Mindfulness AI

Mindfulness AI platform with multiple mode for any disabled student
Taking Picture of any equation or any problem in real-time
Voice Support On Real-Time and Recommendation
American Sign Language also build to support user need to ask any question
Giving disabled student response and step by step how to solve any problem

Inspiration

STEM education is already hard — but for students with visual impairments, motor disabilities, hearing loss, or cognitive differences, it can feel completely out of reach. A student who cannot easily read a whiteboard, speak aloud, or hear a lecture shouldn't have to choose between accessibility tools and learning math. We wanted to build something that meets every student exactly where they are, adapting in real time to their needs. Mindfulness AI was born from that question: what if your study assistant actually understood you?

What it does

Mindfulness AI is an accessibility-first STEM study companion that turns any handwritten or printed math problem into a fully accessible learning experience.

Point your camera at any equation — the app instantly transcribes it into LaTeX, renders it visually, and generates a plain-English explanation
Ask follow-up questions by voice — a conversational AI tutor answers in natural speech via Amazon Polly
Sign your question using ASL fingerspelling — deaf and hard-of-hearing students can communicate with the app entirely in sign language, no voice required
Practice problems are auto-generated based on what you just studied, with step-by-step solutions on demand
Every interaction adapts to a disability profile (visual, motor, cognitive, hearing, or multi) chosen at onboarding — font sizes, output modes, and interaction styles all shift accordingly

How we built it

The frontend is pure HTML/CSS/JavaScript — no framework overhead — served by a Flask backend deployed on AWS Lambda behind Amazon API Gateway.

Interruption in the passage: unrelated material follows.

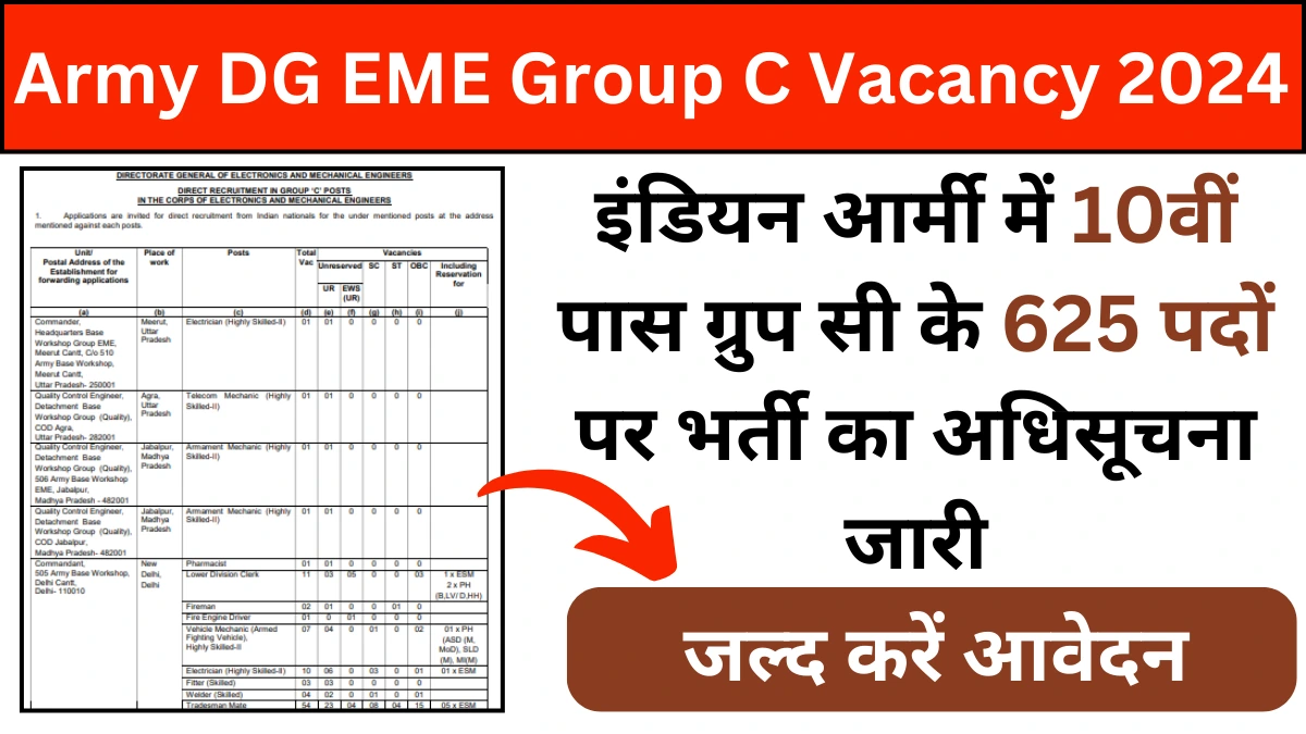 Army DG EME Group C Vacancy 2024: इंडियन आर्मी में 10वीं पास ग्रुप सी के 625 पदों पर भर्ती का अधिसूचना जारी, जल्द करें आवेदन

Math recognition uses Amazon Bedrock (Claude Sonnet) with multimodal vision: a camera frame is sent as a base64 image alongside a structured prompt, and the model returns:

$$\text{image} \xrightarrow{\text{Bedrock}} { \texttt{latex},\ \texttt{explanation},\ \texttt{confidence} }$$

Voice mode streams answers sentence-by-sentence using Server-Sent Events — Bedrock generates the full answer first, then each sentence is synthesized independently by Amazon Polly (Neural engine) and streamed as base64 audio chunks so the first word plays within ~400ms.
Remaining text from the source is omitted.